`' I '` is the incentre of triangle `A B C` whose corresponding sides are `a , b ,c ,` rspectively. `a vec I A+b vec I B+c vec I C` is always equal to (a). ` vec0` ( b). `(a+b+c) vec B C` (c). `( vec a+ vec b+ vec c) vec A C` ( d). `(a+b+c) vec A B`

To solve the problem, we need to show that \( a \vec{I}A + b \vec{I}B + c \vec{I}C = \vec{0} \), where \( I \) is the incenter of triangle \( ABC \) and \( a, b, c \) are the lengths of the sides opposite to vertices \( A, B, C \) respectively. ### Step-by-Step Solution: 1. **Understanding the Incenter**: The incenter \( I \) of triangle \( ABC \) is the point where the angle bisectors of the triangle intersect. It is also the center of the circle inscribed in the triangle. 2. **Position Vectors**: Let the position vectors of points \( A, B, C \) be denoted as \( \vec{A}, \vec{B}, \vec{C} \).
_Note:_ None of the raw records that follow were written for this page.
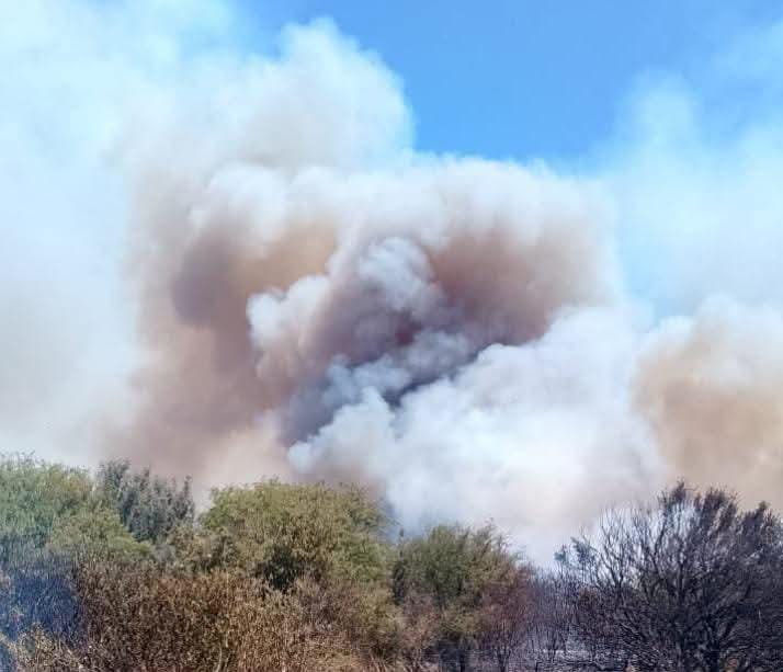 Incendio de gran magnitud afecta la Ruta 6 entre Concarán y Villa Larca: trabajan bomberos de toda la región
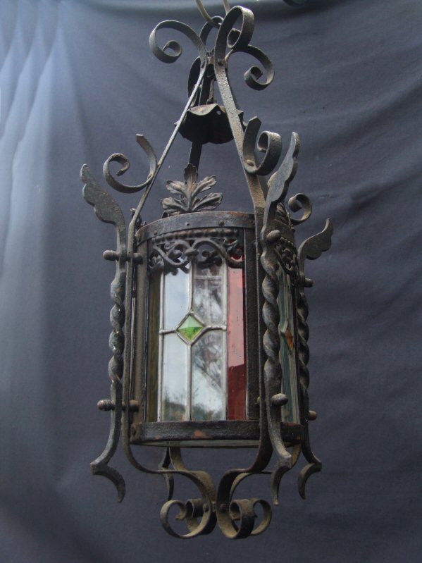 Victorian Cylindrical Wrought Iron Stained Glass Lantern
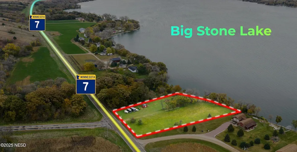 ONE OF THE MOST UNIQUE LOTS ON THE MINNESOTA SIDE OF BIG STONE LAKE. 270 FEET OF SHORELINE & AMAZING VIEWS! THE CENTER OF THE LOT FEATURES A GRADUAL SLOPE THAT LEADS TO YOUR OWN PRIVATE OASIS. POSSIBILITIES ARE ENDLESS FOR THIS LARGE 1.7 ACRE LOT. 12 X 12 SHED INCLUDED. NO COVENANTS.

The position vector of the incenter \( I \) can be expressed as: \[ \vec{I} = \frac{a \vec{A} + b \vec{B} + c \vec{C}}{a + b + c} \] 3. **Expressing Vectors \( \vec{IA}, \vec{IB}, \vec{IC} \)**: The vectors from the incenter to the vertices can be expressed as: \[ \vec{IA} = \vec{A} - \vec{I}, \quad \vec{IB} = \vec{B} - \vec{I}, \quad \vec{IC} = \vec{C} - \vec{I} \] 4. **Substituting the Incenter**: Substitute the expression for \( \vec{I} \) into the equations for \( \vec{IA}, \vec{IB}, \vec{IC} \): \[ \vec{IA} = \vec{A} - \frac{a \vec{A} + b \vec{B} + c \vec{C}}{a + b + c} \] \[ \vec{IB} = \vec{B} - \frac{a \vec{A} + b \vec{B} + c \vec{C}}{a + b + c} \] \[ \vec{IC} = \vec{C} - \frac{a \vec{A} + b \vec{B} + c \vec{C}}{a + b + c} \] 5. **Calculating \( a \vec{IA} + b \vec{IB} + c \vec{IC} \)**: Now, we can compute: \[ a \vec{IA} + b \vec{IB} + c \vec{IC} = a \left( \vec{A} - \vec{I} \right) + b \left( \vec{B} - \vec{I} \right) + c \left( \vec{C} - \vec{I} \right) \] \[ = a \vec{A} + b \vec{B} + c \vec{C} - (a + b + c) \vec{I} \] 6. **Substituting for \( \vec{I} \)**: Substitute \( \vec{I} \) back into the equation: \[ = a \vec{A} + b \vec{B} + c \vec{C} - (a + b + c) \left( \frac{a \vec{A} + b \vec{B} + c \vec{C}}{a + b + c} \right) \] \[ = a \vec{A} + b \vec{B} + c \vec{C} - (a \vec{A} + b \vec{B} + c \vec{C}) = \vec{0} \] 7. **Conclusion**: Therefore, we conclude that: \[ a \vec{IA} + b \vec{IB} + c \vec{IC} = \vec{0} \] ### Final Answer: Thus, the correct option is **(a) \( \vec{0} \)**.